Nowadays, tò he is made and sold not only during the Tết holiday and other festivals but also all year round in public place like parks, gardens. The price for a figurine sold in Hanoi varies from 3,000 to 5,000 VND. There is a village in the countryside of Hanoi where many people earn their living by making and selling tò he, it is Xuân La village which has about 200 tò he craftsmen and almost all villagers from children to adults can make tò he figurine in a very brief period. Facing the threat from modern toys and other forms of entertainment, tò he craftsmen have to be more and more creative so that their figurines can appear more lively and closer to the children, for that reason tò he figurines today can be also modeled after characters from international films and cartoons such as Doraemon, Pikachu and even Sailor Moon with her very own blond hair.
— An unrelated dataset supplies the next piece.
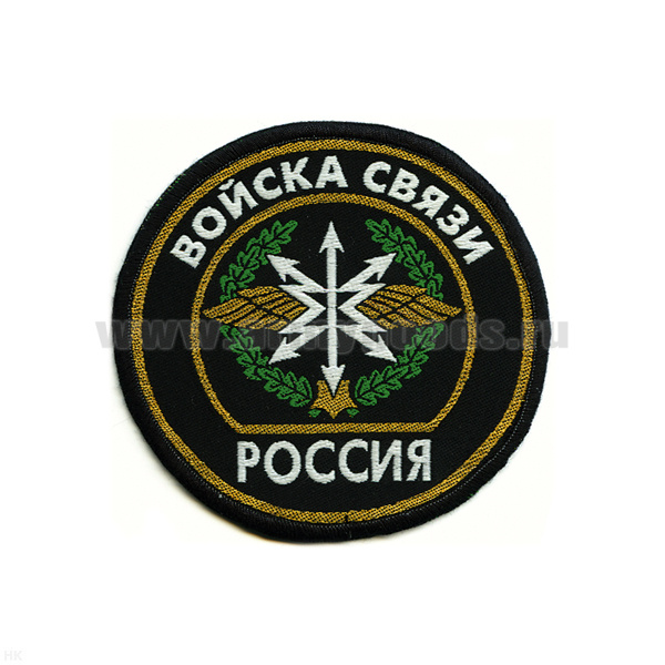 Шеврон тканый Россия Войска связи (кругл. с эмбл. и надп.)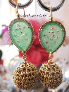 Gli orecchini che seguono sono formati da una monachella d’ottone dal disegno geometrico, disegno che ritroviamo nel rombo ed il cerchio ricoperti all’uncinetto con filato LUREX verde e per finire un’agata completa il tutto.

As one of the rare surviving traditional toys in modern time, tò he is considered a cultural ambassador of Vietnam. Some craftsmen are invited to the United States or South Korea to perform the art of tò he making. Another positive sign for the existence of tò he is that the Ministry of Culture and Information of Vietnam has paid more attention in preserving and propagating this traditional art. A tò he craftsman from Thái Bình was presented with medal from the Vietnam Folk Literature and Art Association for his effort in preserving the art of tò he making while tò he is frequently introduced in cultural festivals. Tò he is brought to the poor children of the mountainous region in the North of Vietnam who cannot afford to buy toys, they are also given instructions to make simple forms of tò he figurines.